• **Your objective**
Required from the data below: the exact lines starting at the line containing "Warvasovszky Tihamér osztotta" and ending at the line containing "Second, the Bible", with both ends kept and all pictures dropped.

• **Source material**

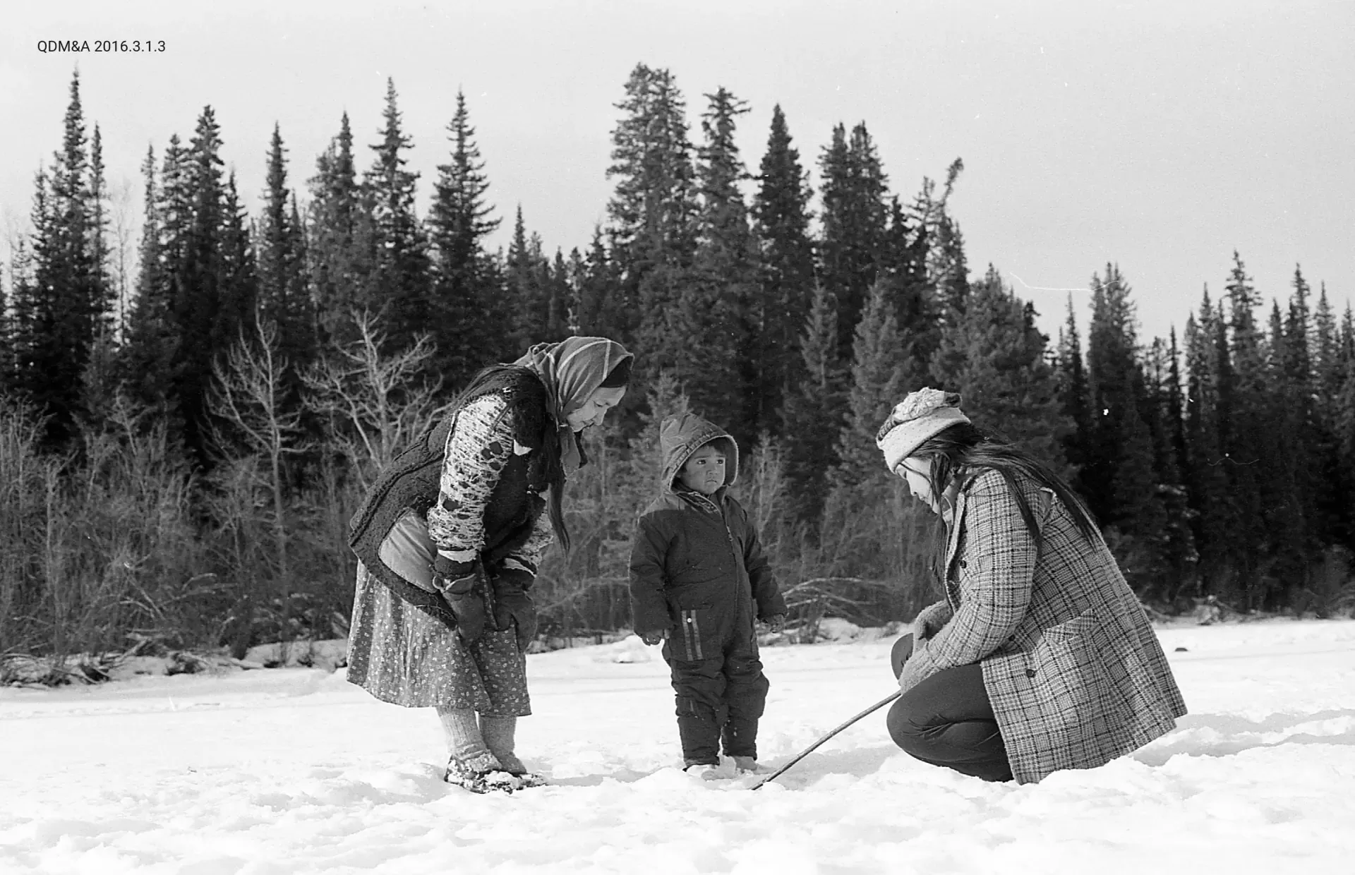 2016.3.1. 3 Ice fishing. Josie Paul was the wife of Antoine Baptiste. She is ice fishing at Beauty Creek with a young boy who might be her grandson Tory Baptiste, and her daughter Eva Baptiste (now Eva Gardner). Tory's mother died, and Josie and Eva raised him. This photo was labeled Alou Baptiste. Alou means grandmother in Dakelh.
---
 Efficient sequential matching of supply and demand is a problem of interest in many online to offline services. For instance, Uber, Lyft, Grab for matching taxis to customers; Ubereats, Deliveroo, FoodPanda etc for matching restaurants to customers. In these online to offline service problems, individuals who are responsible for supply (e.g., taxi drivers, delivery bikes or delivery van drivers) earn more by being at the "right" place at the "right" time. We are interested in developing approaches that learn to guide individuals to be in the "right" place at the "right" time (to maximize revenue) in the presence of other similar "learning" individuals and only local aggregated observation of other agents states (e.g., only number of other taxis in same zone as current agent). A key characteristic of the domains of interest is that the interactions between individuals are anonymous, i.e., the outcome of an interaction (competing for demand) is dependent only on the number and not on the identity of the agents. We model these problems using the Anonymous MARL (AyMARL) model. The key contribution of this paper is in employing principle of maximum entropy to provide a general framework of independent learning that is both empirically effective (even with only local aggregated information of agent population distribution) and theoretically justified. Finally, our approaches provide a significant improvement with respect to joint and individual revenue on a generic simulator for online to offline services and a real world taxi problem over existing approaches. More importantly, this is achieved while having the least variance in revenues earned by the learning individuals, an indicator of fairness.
---
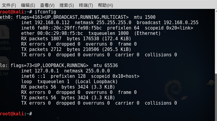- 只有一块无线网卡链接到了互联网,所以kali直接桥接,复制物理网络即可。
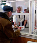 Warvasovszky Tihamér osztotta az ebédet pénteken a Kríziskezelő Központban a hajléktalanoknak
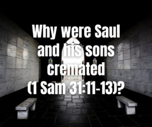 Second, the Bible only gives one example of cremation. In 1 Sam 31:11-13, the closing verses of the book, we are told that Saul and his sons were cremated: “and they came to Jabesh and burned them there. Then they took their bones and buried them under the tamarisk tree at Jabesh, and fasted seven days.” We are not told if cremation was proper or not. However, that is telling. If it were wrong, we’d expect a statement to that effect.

• **Task response**
 Warvasovszky Tihamér osztotta az ebédet pénteken a Kríziskezelő Központban a hajléktalanoknak
 Second, the Bible only gives one example of cremation. In 1 Sam 31:11-13, the closing verses of the book, we are told that Saul and his sons were cremated: “and they came to Jabesh and burned them there. Then they took their bones and buried them under the tamarisk tree at Jabesh, and fasted seven days.” We are not told if cremation was proper or not. However, that is telling. If it were wrong, we’d expect a statement to that effect.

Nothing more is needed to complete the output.